Sorry Barry, maybe next time.

Reactions: Like 1


----------



## Steve in VA (Jan 18, 2021)

All I can say is it's a good thing Tim didn't decide on doing a glue up for the next turning challenge! You and Barry are off the charts with these!!!

Reactions: Thank You! 1 | Agree 2


----------



## Mike1950 (Jan 18, 2021)

1. floor is so clean it scares me!! 2. Only a turner can turn a half a Pickup load of wood and 2 bottles of glue into one vase..... sheeesh.

Reactions: Like 1 | Funny 7


----------



## barry richardson (Jan 18, 2021)

Just looking at your piece again Tom, that form is superb!

Reactions: Thank You! 1 | +Karma 1


----------



## Mike Hill (Jan 18, 2021)

FANTASTIC. I kinda have a different opinion. I think the taller, narrower forms show off the curves very well. sorta sinewy

Reactions: Like 1 | Thank You! 1


----------



## William Tanner (Jan 18, 2021)

Beautiful. No nit picks at all on the form. Spot on and so pleasing to the eye. I agree on thinner sections but then add more osage. But then this comes from a guy who likes to consume buttermilk and black licorice together.

Reactions: Like 1 | Thank You! 1


----------



## Mike Hill (Jan 18, 2021)

William Tanner said:


> But then this comes from a guy who likes to consume buttermilk and black licorice together.
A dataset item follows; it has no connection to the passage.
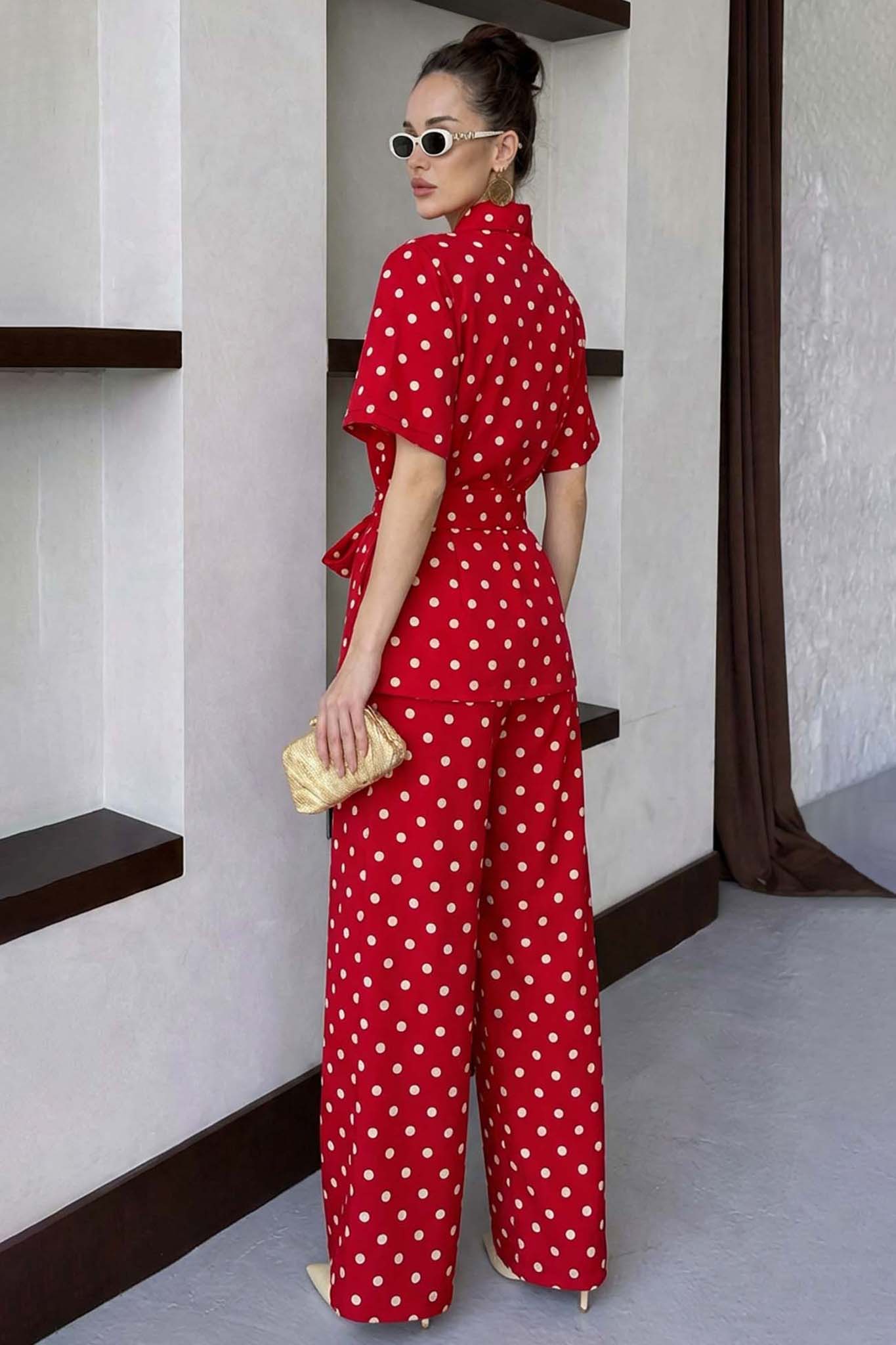 Indilaσετ πουκάμισο παντελόνι πουά κόκκινο

Ok, that's even weird for me!

Reactions: Agree 2 | Funny 1


----------



## Barb (Jan 18, 2021)

That's a beautiful vase!

Reactions: Thank You! 1


----------



## Tom Smart (Jan 18, 2021)

Mike1950 said:


> 1. floor is so clean it scares me!! 2. Only a turner can turn a half a Pickup load of wood and 2 bottles of glue into one vase..... sheeesh.


And that’s just about what it took.

Reactions: Funny 1


----------



## Tom Smart (Jan 18, 2021)

barry richardson said:


> Just looking at your piece again Tom, that form is superb!


Thanks, Barry. I’m still partial to your more rounded form, but to get that I needed another layer to make it fatter or to just make it shorter.


----------



## trc65 (Jan 18, 2021)

Steve in VA said:


> All I can say is it's a good thing Tim didn't decide on doing a glue up for the next turning challenge! You and Barry are off the charts with these!!!


I wanted to so bad! I'm inspired by both Tom and Barry's work and that was my pick for the challenge, but thought others might be intimidated by the size and quality of their recent work. I still think it should be a challenge at some point. I'm certainly going to be experimenting with this, although on a much smaller scale.

Reactions: Like 1 | Agree 1


----------



## barry richardson (Jan 18, 2021)

trc65 said:


> I wanted to so bad! I'm inspired by both Tom and Barry's work and that was my pick for the challenge, but thought others might be intimidated by the size and quality of their recent work. I still think it should be a challenge at some point. I'm certainly going to be experimenting with this, although on a much smaller scale.


Also, a jointer or drum sander is pretty essential for these, and a lot of turners may have those....

Reactions: Like 1 | Agree 1


----------



## Maverick (Jan 18, 2021)

Great job, I like the shape and randomness.

Reactions: Thank You! 1 | Agree 1


----------